Start of RECORDS PROVIDED

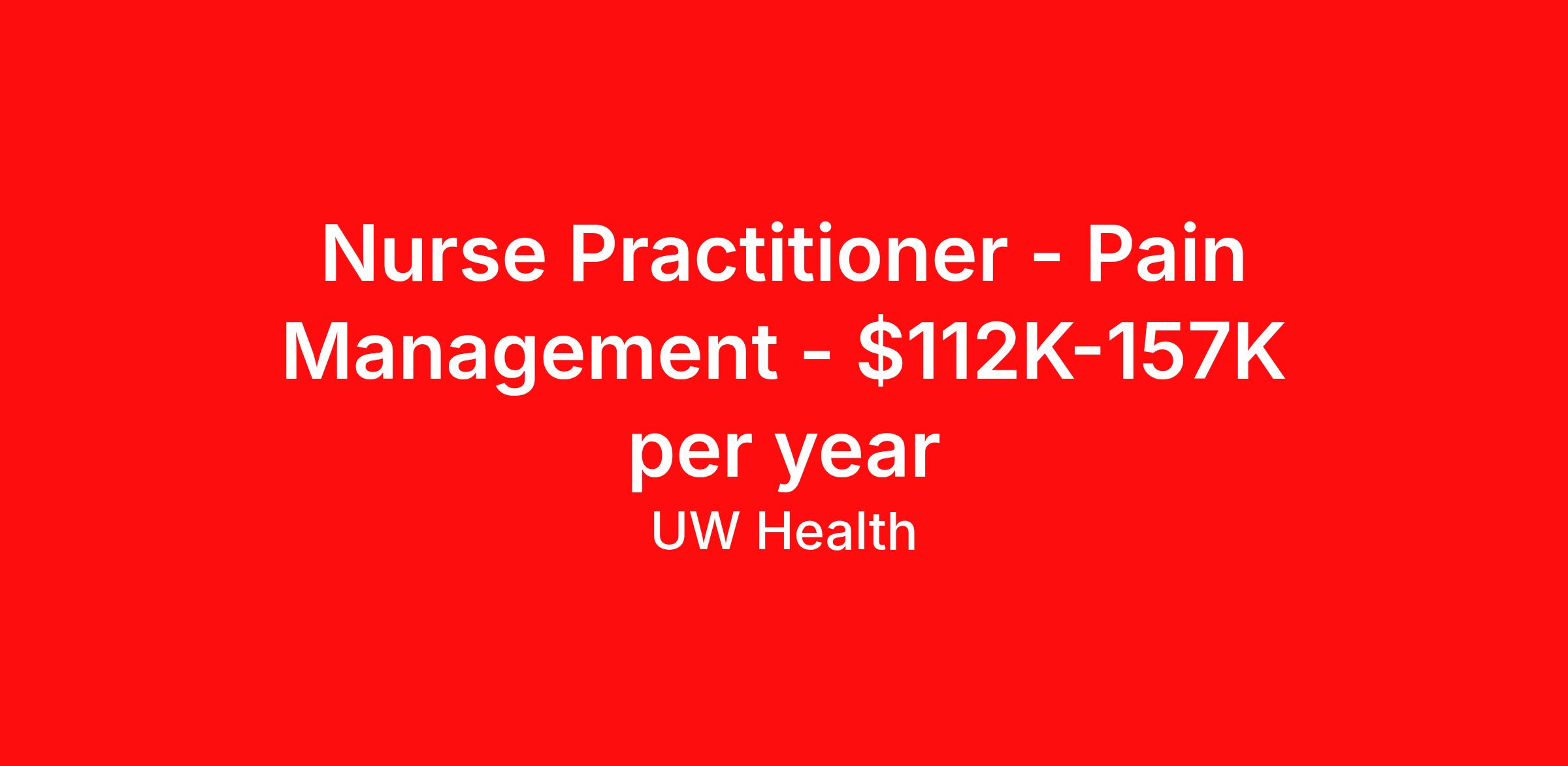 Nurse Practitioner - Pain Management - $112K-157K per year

End of RECORDS PROVIDED
Start of RECORDS PROVIDED

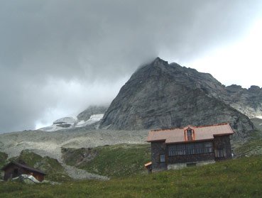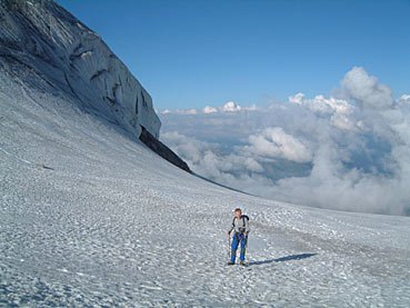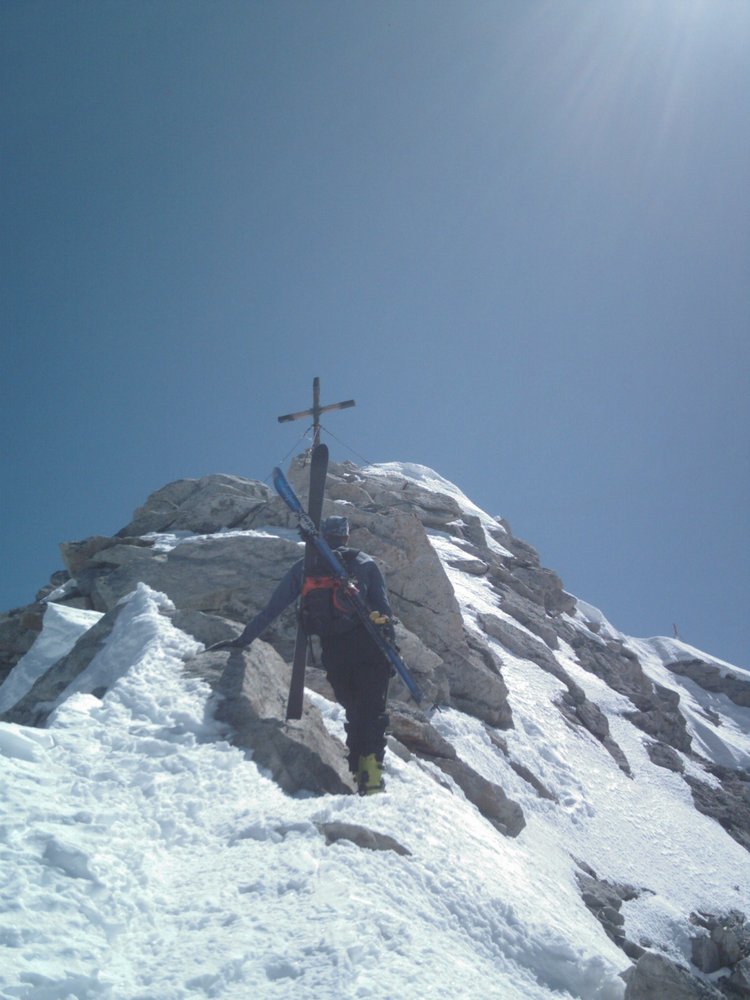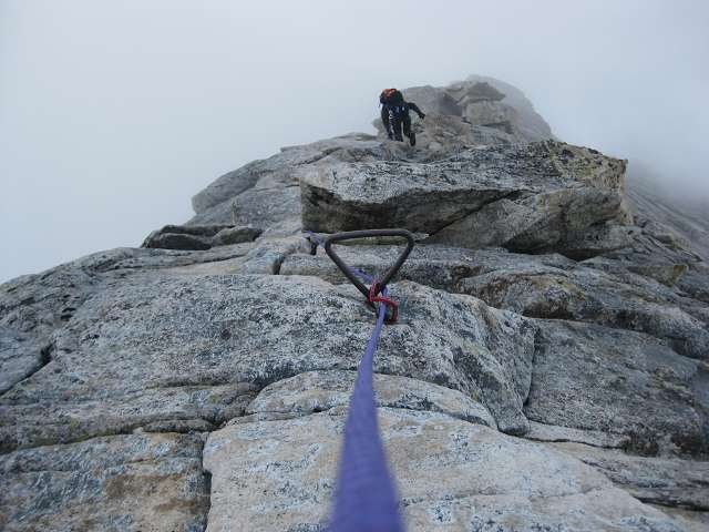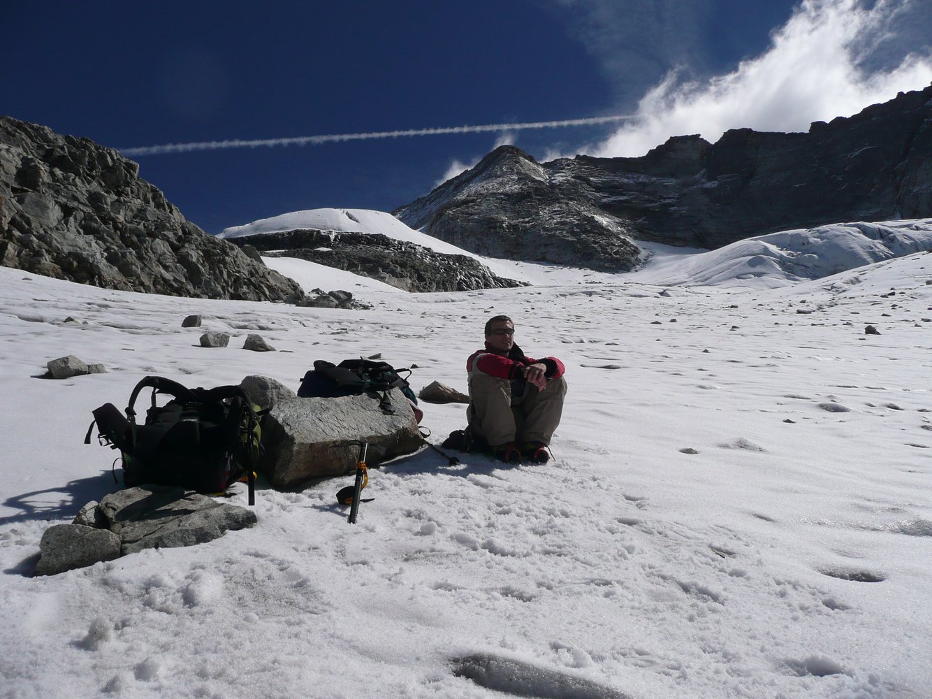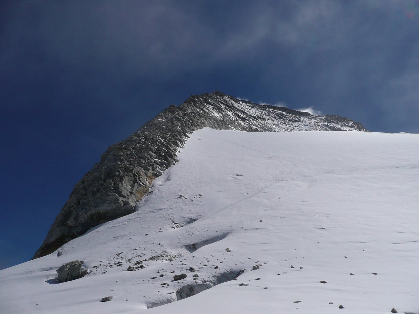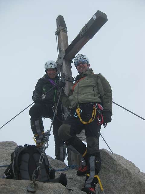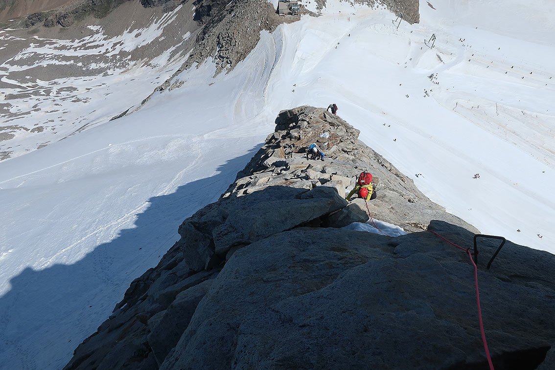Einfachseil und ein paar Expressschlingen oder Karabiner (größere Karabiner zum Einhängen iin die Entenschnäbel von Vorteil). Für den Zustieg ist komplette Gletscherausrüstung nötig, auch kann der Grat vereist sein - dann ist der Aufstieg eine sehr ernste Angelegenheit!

End of RECORDS PROVIDED
Start of RECORDS PROVIDED

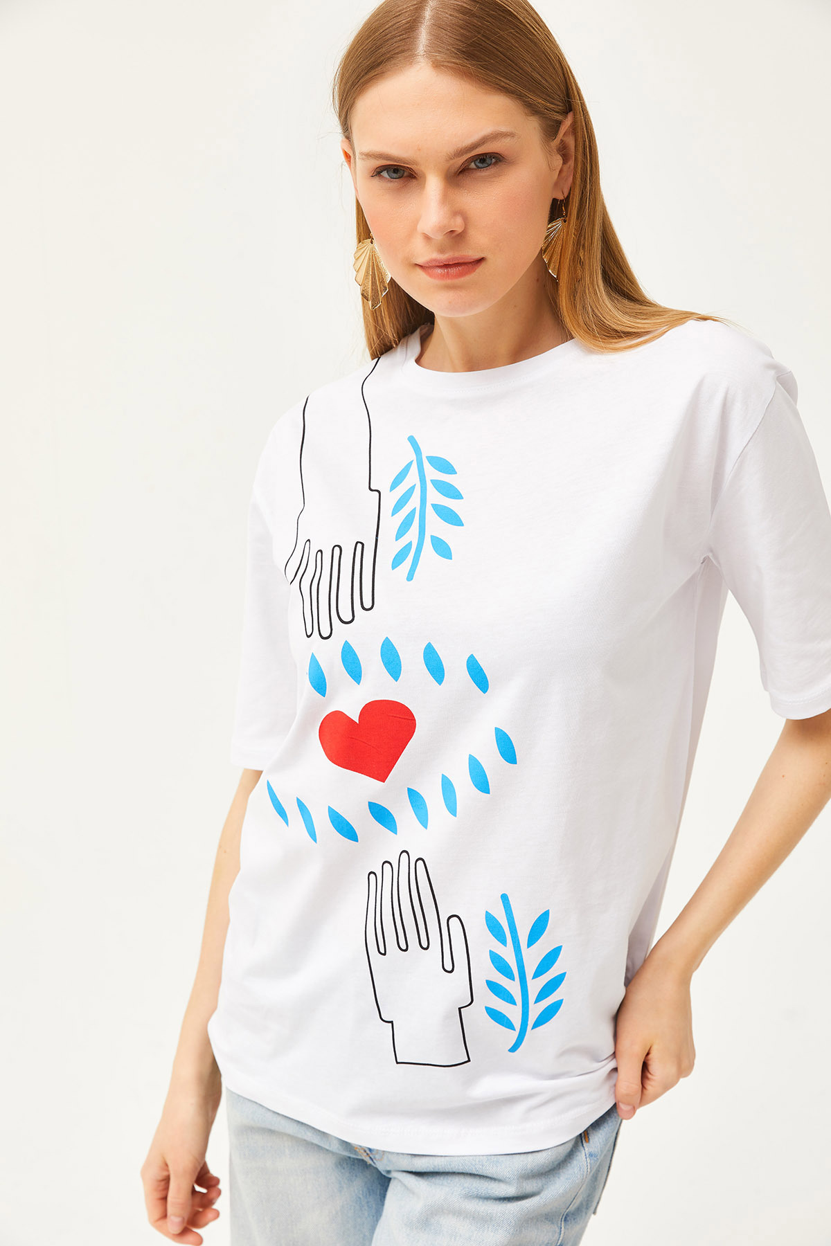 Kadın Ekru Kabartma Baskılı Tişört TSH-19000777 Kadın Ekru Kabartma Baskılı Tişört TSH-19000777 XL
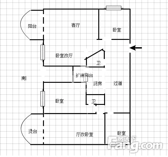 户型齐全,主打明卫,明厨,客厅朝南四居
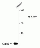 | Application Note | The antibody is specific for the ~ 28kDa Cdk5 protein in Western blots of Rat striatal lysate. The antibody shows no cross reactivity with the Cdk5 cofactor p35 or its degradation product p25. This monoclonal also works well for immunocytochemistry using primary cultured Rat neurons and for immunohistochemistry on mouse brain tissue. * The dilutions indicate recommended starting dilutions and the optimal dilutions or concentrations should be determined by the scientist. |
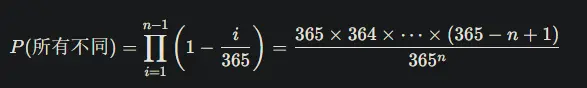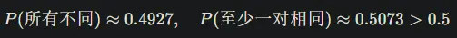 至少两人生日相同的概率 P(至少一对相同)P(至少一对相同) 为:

End of RECORDS PROVIDED

## TASK TO COMPLETE
Output only the lines above from the one containing "Kadın Ekru Kabartma Baskılı Tişört TSH-19000777 Kadın" to the one containing "户型齐全,主打明卫,明厨,客厅朝南四居", both included, exactly as written and with no pictures.

## RESULT FOR THIS EXERCISE
 Kadın Ekru Kabartma Baskılı Tişört TSH-19000777 Kadın Ekru Kabartma Baskılı Tişört TSH-19000777 XL
 户型齐全,主打明卫,明厨,客厅朝南四居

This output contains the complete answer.